The present invention will be explained in detail below based on the drawings.

FIG. 1 is a partially sectional front view showing an embodiment of the present invention, and FIG. 2 is a side view. In the figure, a nozzle tip holder 2 is installed in communication with the lower part of a tank 1 that is supplied with hot water from a melting furnace (not shown), and a tip type slit is installed at the bottom of the holder 2 near a cooling roll (not shown). A nozzle 3 is attached, and thermocouples 4, 4 are inserted into the drill hole of the nozzle tip holder 2 at both ends of the nozzle tip 3 in the middle direction (FIG. 1) to measure the preheating temperature. has been done.

The nozzle tip 3 is preheated by heating with electricity, and at this time, the preheating temperature is controlled to a temperature range in which the nozzle tip 3 is hardly subjected to thermal strain deformation with respect to a predetermined molten metal temperature in the tundish 1. .

When manufacturing an amorphous alloy ribbon as in the present invention, the temperature of the molten metal is approximately 1200 to 1400°C, so if the preheating temperature is within ±150°C of these temperatures, thermal distortion of the nozzle tip will occur. Deformation is within an acceptable range.

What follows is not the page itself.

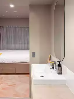 The room I stayed in was a big bed (studio double) 13m2. The orange pop interior and the big bed were very comfortable ♡

That is, if the preheating temperature of the nozzle tip 3 is lower than the molten metal temperature -150°C, the central portion of the slit will be closed within a few seconds after pouring the molten metal. On the other hand, if the molten metal temperature exceeds +150°C, the nozzle holder will be overheated, and particles will often fly off before the ribbon comes out at the start of pouring.

Example: Drill a hole in a graphite nozzle tip holder, bring two CA thermocouples into contact with both ends of a BN nozzle tip,
The nozzle tip is heated with electricity and the preheating temperature is monitored.
When the temperature reached 1250℃, Fe -B- at 1350℃
Pouring of the 8i-C series molten metal was started by supplying it from the ladle to the tandigy, and a thin strip was manufactured. The cooling roll is a 1,000φ x 300W water-cooled steel alloy roll with a circumferential speed of 25m/8eC1 slit of 0.6+nm x 150m.
m, the gap between the roll nozzles was 0.2 van %, and the molten metal head was 300-. A total of 50 mm was poured, but the board thickness was within 25 μm±2 μm, and there were no defects in the center.

[Brief explanation of the drawing]

FIG. 1 is a partially sectional front view showing an embodiment of the present invention, and FIG. 2 is a sectional view taken along the line AA in FIG.

Claims (1)

[Claims] The preheating temperature of the 1'C Tizzo type slit nozzle 3 is set to the nozzle tip holder 2 installed in connection with the tongue holder 1 which is installed separately from the stone cracking furnace.
Control the temperature of the bath water within ±150℃'? r,IF,
A method for preheating a slit nozzle for producing an amorphous alloy ribbon with +j characteristics.